[Collection entries]

—————

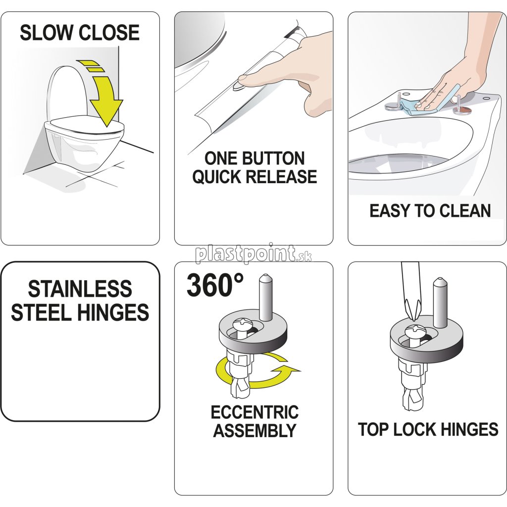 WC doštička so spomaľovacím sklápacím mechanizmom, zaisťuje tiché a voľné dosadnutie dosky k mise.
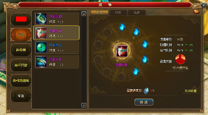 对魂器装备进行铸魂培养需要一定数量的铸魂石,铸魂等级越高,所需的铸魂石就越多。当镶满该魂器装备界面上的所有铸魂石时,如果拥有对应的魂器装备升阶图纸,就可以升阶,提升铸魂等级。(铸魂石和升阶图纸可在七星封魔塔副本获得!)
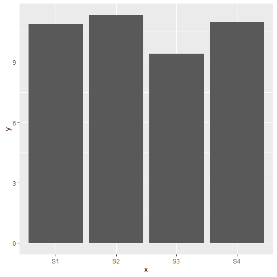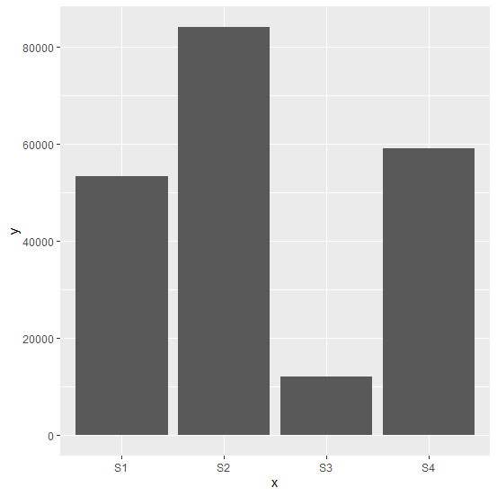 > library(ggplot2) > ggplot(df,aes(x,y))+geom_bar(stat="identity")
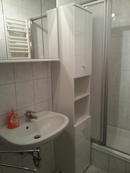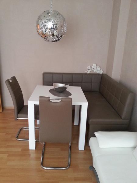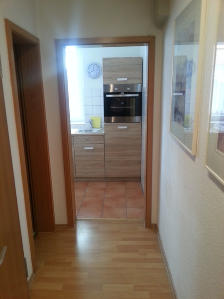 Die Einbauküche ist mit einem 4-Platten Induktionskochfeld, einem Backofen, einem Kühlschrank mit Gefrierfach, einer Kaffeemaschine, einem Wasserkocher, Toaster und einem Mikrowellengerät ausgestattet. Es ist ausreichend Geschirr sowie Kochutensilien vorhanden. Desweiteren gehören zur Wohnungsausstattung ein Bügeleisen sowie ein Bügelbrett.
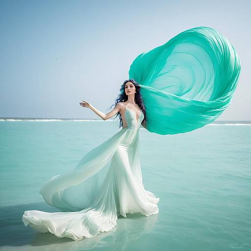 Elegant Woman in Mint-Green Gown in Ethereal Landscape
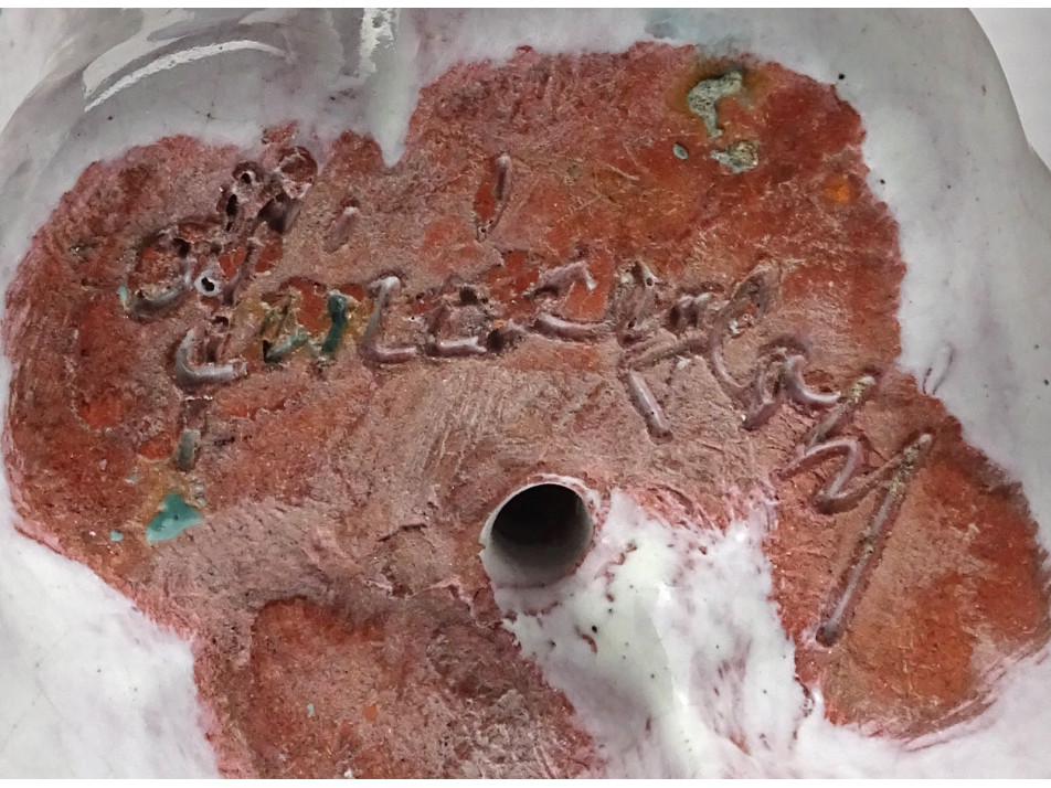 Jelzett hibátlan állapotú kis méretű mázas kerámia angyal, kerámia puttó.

—————

Repeat exactly and only the lines from the one holding "Elegant Woman in" through the final line of the entries; no pictures.

 Elegant Woman in Mint-Green Gown in Ethereal Landscape
 Jelzett hibátlan állapotú kis méretű mázas kerámia angyal, kerámia puttó.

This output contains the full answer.